В первую минуту в присутствии Марты — язык-то у нее без костей — мадам Резо кое-как удалось сдержаться, и, чтобы соблюсти приличия, она бросила:

— Могла бы и предупредить нас, что едет в Сегре!

Согнувшись почти до земли от приступа кашля, матушка отступила в темноту, и, когда я остался один, Марта шепнула мне:

— Тут пахнет кавалером!

Улизнуть незаметно задами, чтобы я не помчался вдогонку за ней на «ситроене» (напрасный страх: я не мог представить себя в такой роли), — право, это было излишне. Она перестаралась! Не проще ли было сбежать рано утром под тем предлогом, будто нужно, как обычно, съездить за продуктами никто бы ничего не подумал. Но телеграмма, присланная, разумеется, до востребования, должно быть, точно назначала время встречи. Я убедился в этом, зайдя в комнату Саломеи, после ремонта лучшую во всем доме: там остался лишь запах ее духов, все ее вещи исчезли. Чтобы не привлекать внимания, она, должно быть, с утра спрятала чемодан в багажник машины и заперла на ключ. Никакой записки я не нашел. Но разве было бы логично, если б она ее оставила? Бегство Саломеи, хоть оно и отличалось от моего, будило во мне воспоминания и служило доказательством — если я в нем нуждался! — того, что наши поступки никогда не остаются без последствий и что к детям, в свою очередь ставшим родителями, возмездие рано или поздно приходит от их собственных детей. Но в конце концов, будь я на ее месте, оставил ли бы я записку? А если да, то куда бы я ее положил, чтобы обнаружили ее не слишком рано и не слишком поздно? Я решил обыскать свою комнату. Каждый вечер мы заходим в ванную… Но там ничего не было. Достаем на ночь пижаму… Опять неудача, но уже теплее, теплее… Перед сном откидываем одеяло… Ай да я! Письмо лежало под простыней — без адреса, без адресата, на листке бумаги с грифом «Хвалебного», такой старой, что на ней появились даже желтые разводы.

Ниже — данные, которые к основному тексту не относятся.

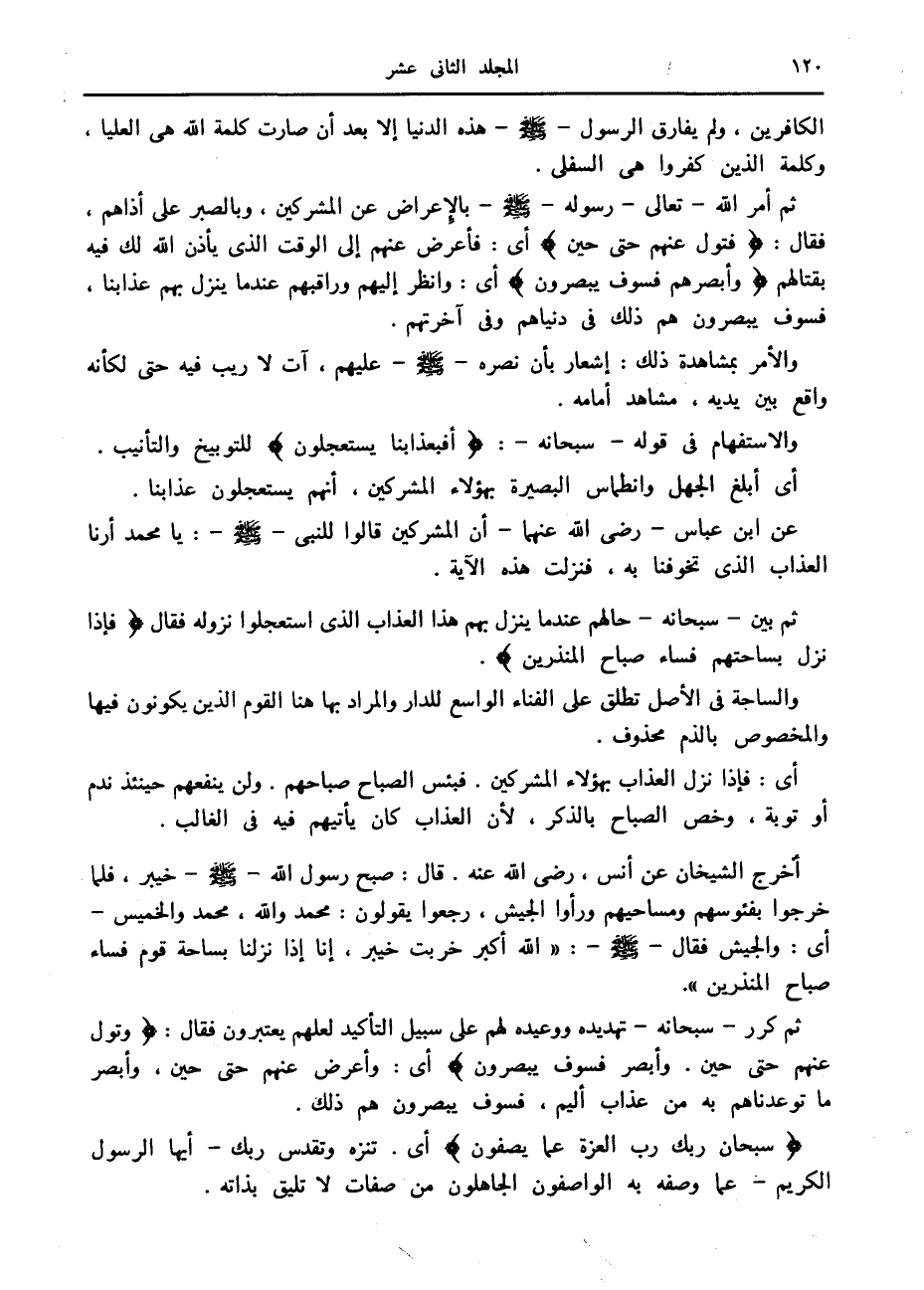 أخرج الشيخان عن أنس، رضى الله عنه. قال: صبح رسول الله صلّى الله عليه وسلم خيبر، فلما خرجوا بفئوسهم ومساحيهم ورأوا الجيش، رجعوا يقولون: محمد والله، محمد والخميس- أى: والجيش فقال صلّى الله عليه وسلم: «الله أكبر خربت خيبر، إنا إذا نزلنا بساحة قوم فساء صباح المنذرين» .

«Я уезжаю с Гонзаго, которого освободили условно. Если судьи его не осудили, то почему должна это сделать я? К чему пререкаться: вам говорить, что он может погубить меня, мне — утверждать, что я могу его спасти. Ошибка молодости — не так уж это страшно. Да и потом, все очень просто: я не могу без него.

Простите, что не предупредила вас: вы бы постарались меня удержать. Простите также за откровенность: я считаю себя вправе так поступить. Рано или поздно девушка должна покинуть родительский дом. То, что я узнала от бабули, мешало мне чувствовать себя в нем свободно. Но оставаться с ней, хотя она давала мне все, не будучи ничем мне обязана, я не могла, так как это поставило бы меня в еще более сложное положение. Я благодарю ее за помощь и прошу ее, как и всех тех, кто меня любит, — не мешайте мне жить».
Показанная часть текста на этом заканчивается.